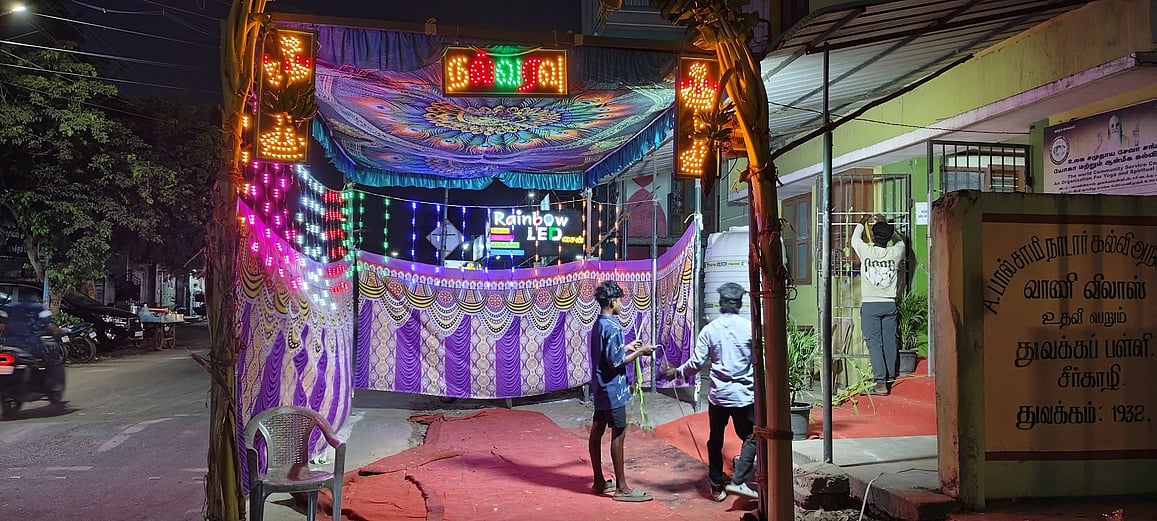 சீா்காழி நகரில் வாணி விலாஸ் துவக்கப்பள்ளி வாக்குச்சாவடி மையம் மாதிரி வாக்குச்சாவடி மையமாக தரை விரிப்புகள், கண்கவா் மின்விளக்குகள், பலூன்கள் கட்டப்பட்டு,வாழை மரங்கள் தோரணம் கட்டப்பட்டு வாக்காளா்களை கவறும் வகையில் அமைக்கப்பட்டுள்ளன.
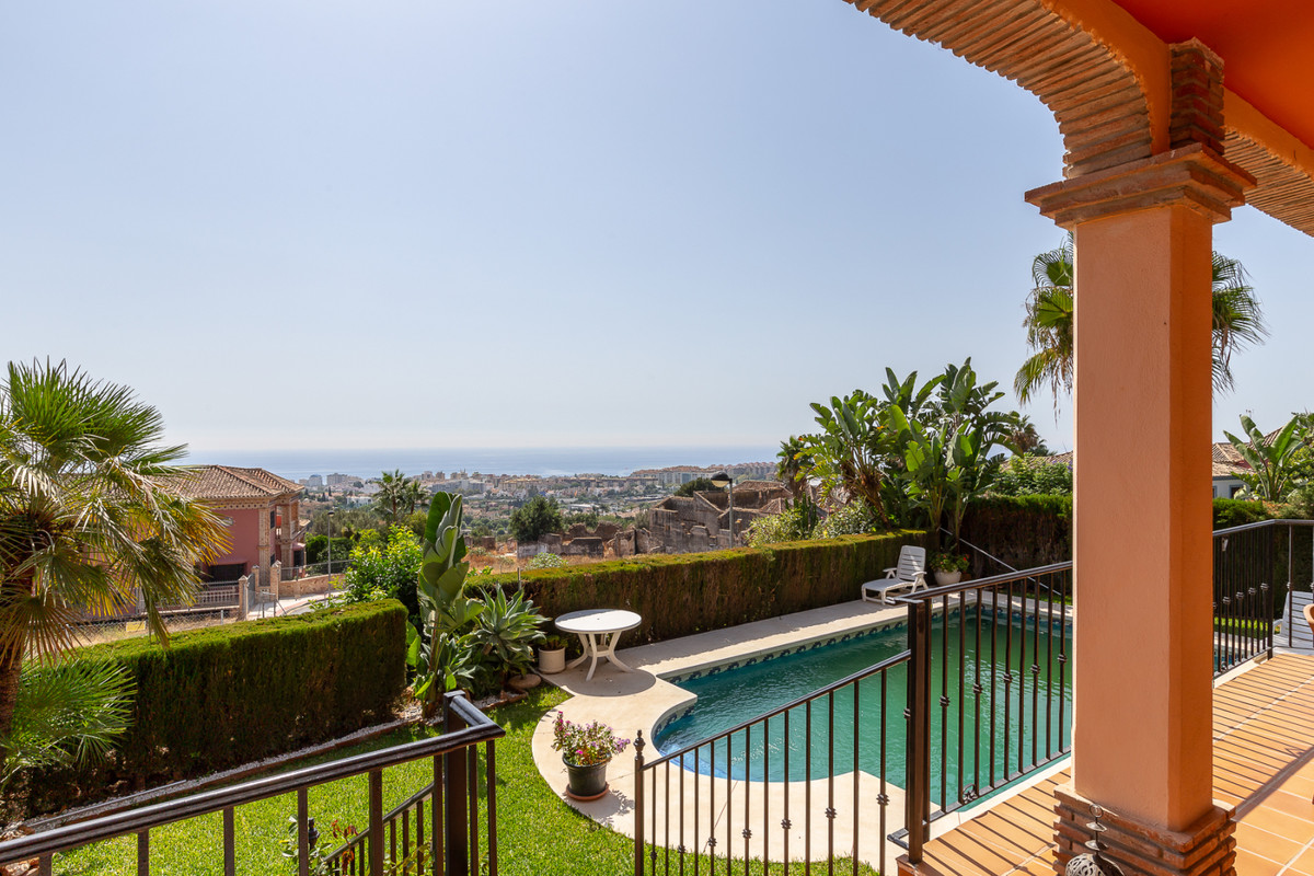 Grote, aantrekkelijke gezinswoning in zeer rustige omgeving vlakbij Marbella en naast een natuurpark. Prachtig open zuid en zuidwest uitzicht. Grote, volledig uitgeruste keuken met open haard en uitzicht op zee. Ruime woon/eetkamer uitkomend op terras en zwembad. Grote kelder.
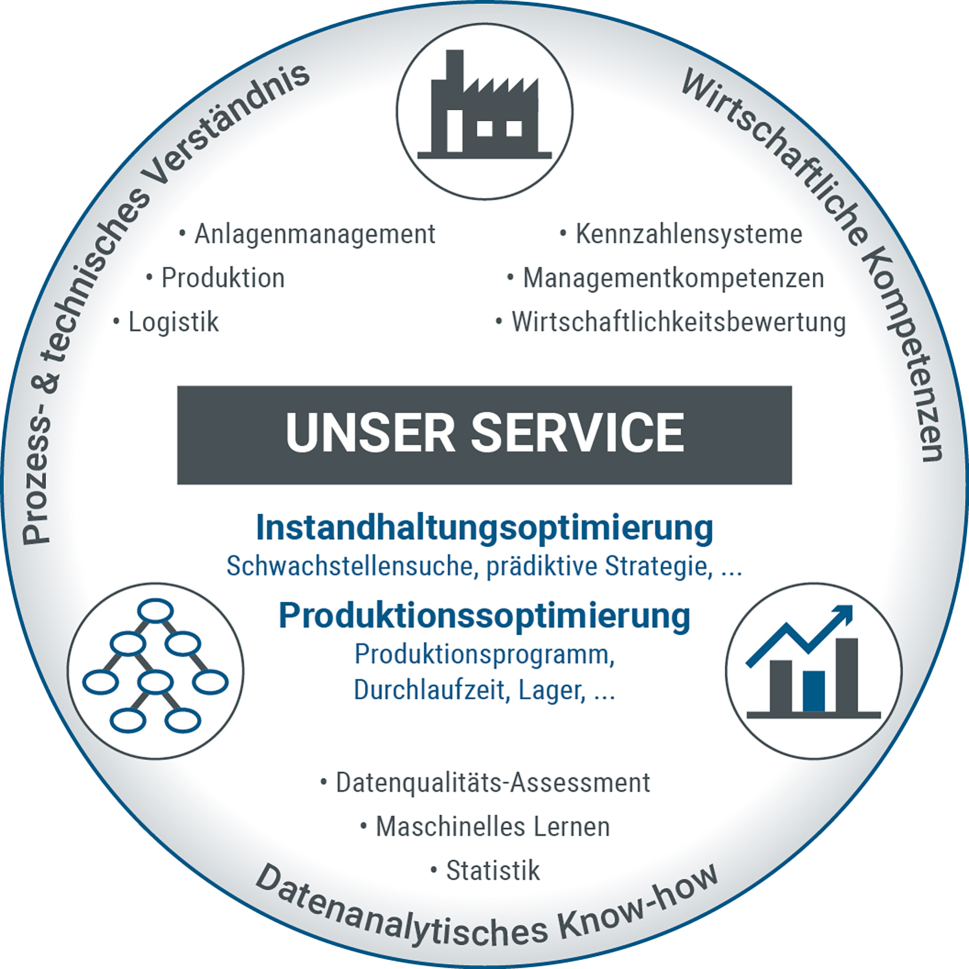 Durch die Ausbildung in unterschiedlichen Schwerpunkten besitzt das Datenanalytik-Team des Lehrstuhls für Wirtschafts- und Betriebswissenschaften genau diese Sichtweise. In der Optimierung von Instandhaltung und Produktion wird das Prozess- und Technikverständnis mit wirtschaftlichen Kompetenzen kombiniert. Dies ermöglicht es, maßgeschneiderte, wissenschaftlich fundierte Lösungen und Entscheidungshilfen zu entwickeln (Abb. 1).
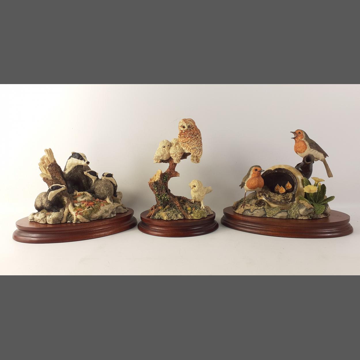 A BORDER FINE ARTS figurine 'The Joys of Spring (SOC2) on a wooden plinth approx 19cm high 1990, 'Evening Shadows (SOC7) on plinth approx 16cmHx 20cmL and 'A Watchful Eye' (SOC8) on plinth21cmH x 15cm dia approx. One tiny chip on base of badger figurine
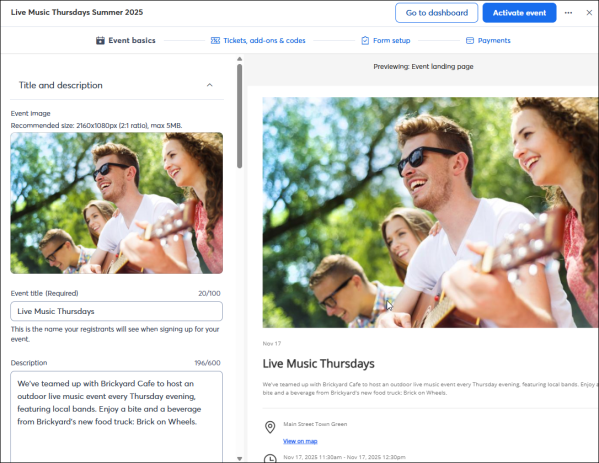 • Click Activate event once it’s ready to go. Your event page goes live instantly, and you can start accepting registrations.
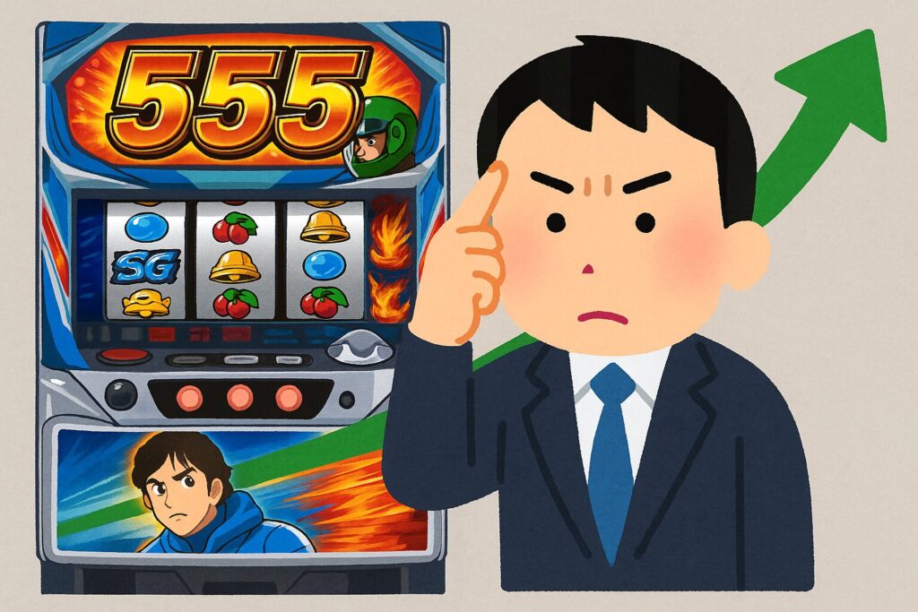 設定差は大きくないものの、高設定ほど555ポイントで優出に入りやすい傾向が確認されています。山佐ネクスト営業資料による抽選テーブルは非公開ですが、業界誌「グリーンべると」が2025年2月号で掲載した試射データでは、設定6の555優出突入率が12.1%、設定1が7.9%と約1.5倍の差があります(参照:グリーンべると)。
******
* Task details
Repeat all the material above exactly, apart from the pictures.

* Result for this exercise
 சீா்காழி நகரில் வாணி விலாஸ் துவக்கப்பள்ளி வாக்குச்சாவடி மையம் மாதிரி வாக்குச்சாவடி மையமாக தரை விரிப்புகள், கண்கவா் மின்விளக்குகள், பலூன்கள் கட்டப்பட்டு,வாழை மரங்கள் தோரணம் கட்டப்பட்டு வாக்காளா்களை கவறும் வகையில் அமைக்கப்பட்டுள்ளன.
 Grote, aantrekkelijke gezinswoning in zeer rustige omgeving vlakbij Marbella en naast een natuurpark. Prachtig open zuid en zuidwest uitzicht. Grote, volledig uitgeruste keuken met open haard en uitzicht op zee. Ruime woon/eetkamer uitkomend op terras en zwembad. Grote kelder.
 Durch die Ausbildung in unterschiedlichen Schwerpunkten besitzt das Datenanalytik-Team des Lehrstuhls für Wirtschafts- und Betriebswissenschaften genau diese Sichtweise. In der Optimierung von Instandhaltung und Produktion wird das Prozess- und Technikverständnis mit wirtschaftlichen Kompetenzen kombiniert. Dies ermöglicht es, maßgeschneiderte, wissenschaftlich fundierte Lösungen und Entscheidungshilfen zu entwickeln (Abb. 1).
 A BORDER FINE ARTS figurine 'The Joys of Spring (SOC2) on a wooden plinth approx 19cm high 1990, 'Evening Shadows (SOC7) on plinth approx 16cmHx 20cmL and 'A Watchful Eye' (SOC8) on plinth21cmH x 15cm dia approx. One tiny chip on base of badger figurine
 • Click Activate event once it’s ready to go. Your event page goes live instantly, and you can start accepting registrations.
 設定差は大きくないものの、高設定ほど555ポイントで優出に入りやすい傾向が確認されています。山佐ネクスト営業資料による抽選テーブルは非公開ですが、業界誌「グリーンべると」が2025年2月号で掲載した試射データでは、設定6の555優出突入率が12.1%、設定1が7.9%と約1.5倍の差があります(参照:グリーンべると)。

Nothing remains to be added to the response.